Dear Rhett

by beardnbeans



Category: GMM, Rhett & Link
Genre: CW: alcohol, GMM - Freeform, Good Mythical Morning - Freeform, Link Neal - Freeform, M/M, randl, rhett mckaughlin, rhink
Language: English
Status: In-Progress
Published: 2020-07-14
Updated: 2020-07-16
Packaged: 2021-03-05 02:08:12
Rating: General Audiences
Warnings: Creator Chose Not To Use Archive Warnings
Chapters: 3
Words: 847
Publisher: archiveofourown.org
Story URL: https://archiveofourown.org/works/25266619
Author URL: https://archiveofourown.org/users/beardnbeans/pseuds/beardnbeans
Summary: Link writes Letters to Rhett that he will never read.
Relationships: Rhett McLaughlin & Link Neal, Rhett McLaughlin/Link Neal
Comments: 6
Kudos: 27





	1. I will never tell you this

**Summary for the Chapter:**

> Link finds himself drunk off Rum in the bathtub on his honeymoon.

Dear Rhett,

I can’t help but wonder if i have been cursed to love you from afar for several lifetimes because this longing in my chest has been accruing for far longer than thirty years. I feel eons worth of desire for you and yet, in this life I am dammed to sit on my hands. Dammed to hold your ghost and never your body. When you look at me like I hung the stars in the sky, it heals all of the damage within me; I will never tell you this. I will never tell you that I wish I knew how it feels to hold the small of your back while we sway in your kitchen to Merle Haggard. Or that I so desperately wish to know how it feels to hold your hand and know that my love seeps all the way to the bone. But at night when I’m haunted by the fantastic murals of our past I can’t help but hope that somewhere, sometime there’s a version of me that knows what your mouth tastes like. Sometimes this thought is the only thing that brings me comfort as I could damn near go mad for wanting you. These thoughts and feelings bubble up in my throat like reflux and often the only thing that can stifle them is rum. I feel it in my wrists and my toes, this achey regret that turns my joints into brick. It’s the knowledge that I should’ve married you. This mistake that i made that tears and drink and blood will never reverse. I will never tell you this. I will sit on my hands and I will drink, but I will never tell you this.

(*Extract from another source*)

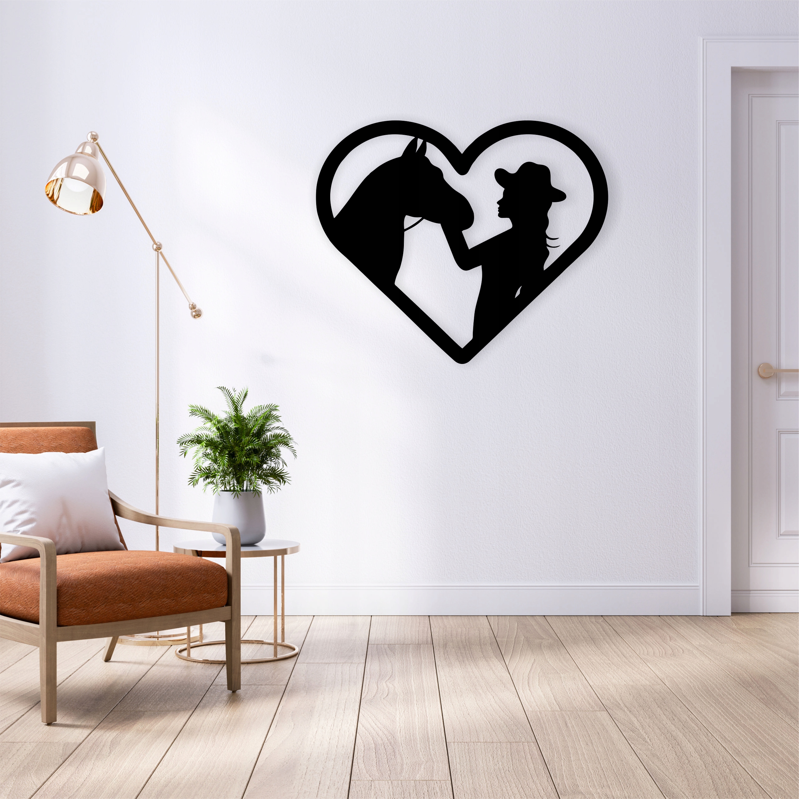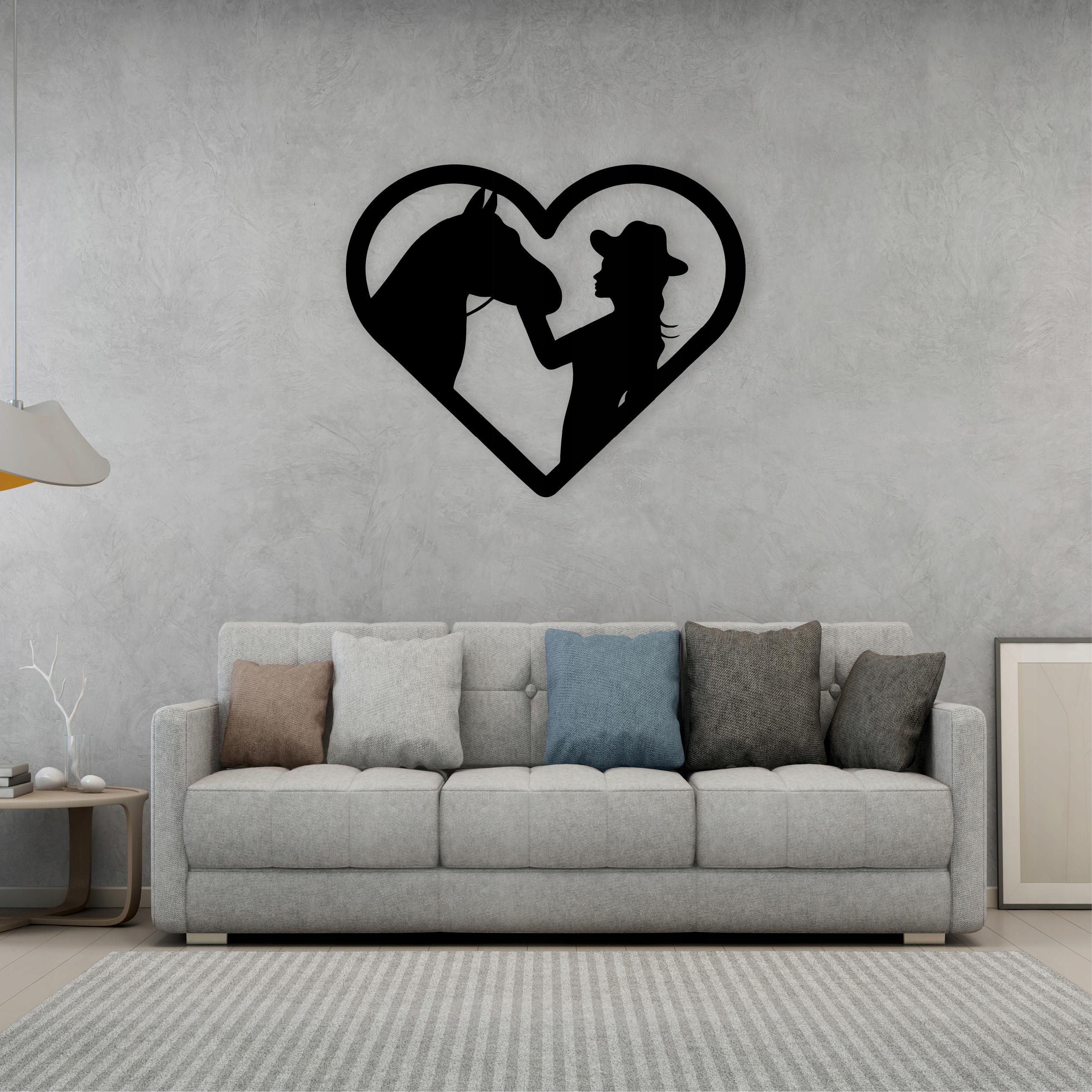 Dekoracja przedstawia sylwetkę konia oraz stojącej obok osoby w kapeluszu, ujętych we wspólnej, czułej scenie. Obydwie postacie wpisane są w kształt serca, co podkreśla więź, zaufanie i bliskość między człowiekiem a zwierzęciem. Proste, jednolite kontury tworzą elegancki, harmonijny motyw, idealny jako ozdoba dla miłośników koni, jeździectwa lub dekoracji o emocjonalnym, ciepłym charakterze.

**Notes for the Chapter:**

> Love me some love sick Link


	2. I love you

**Summary for the Chapter:**

> Link tells Rhett that he loves him for the first time.

Dear Rhett, 

Last Friday was the first day I told you that I loved you without buffering the statement with the notion that we are brothers. Since then this has become something that we say. There is no big show of regression or withdrawal, it is simply an assertion. With this new found blasé I can’t stop myself from saying it; from shouting it at the top of my lungs: Rhett Mclaughlin I love you! Those three words that until recently I don’t think I ever truly told them to you. At least not in the way that I so deeply meant it. I can’t help but feel that with each new admission a part of me, the part of my heart that you have always inhabited, is withering. Each new statement is a reminder of my desperation and of your dismissal. The thing that is now hanging over my head the same way that the need to clarify our brotherhood used to, is that no matter many times it tumbles from my mouth, you do not feel this for me. When you tell me you love me, although the vocalization is no longer present, the sentiment that we are, and have always been, brothers still is. I feel disgusted by my need for you. My need to have you in all the ways that your wife has. I crave you, and I dream of you. Every day that I have to sit next to you and take in your presence I am both revitalized and destroyed and I don’t know how that could be.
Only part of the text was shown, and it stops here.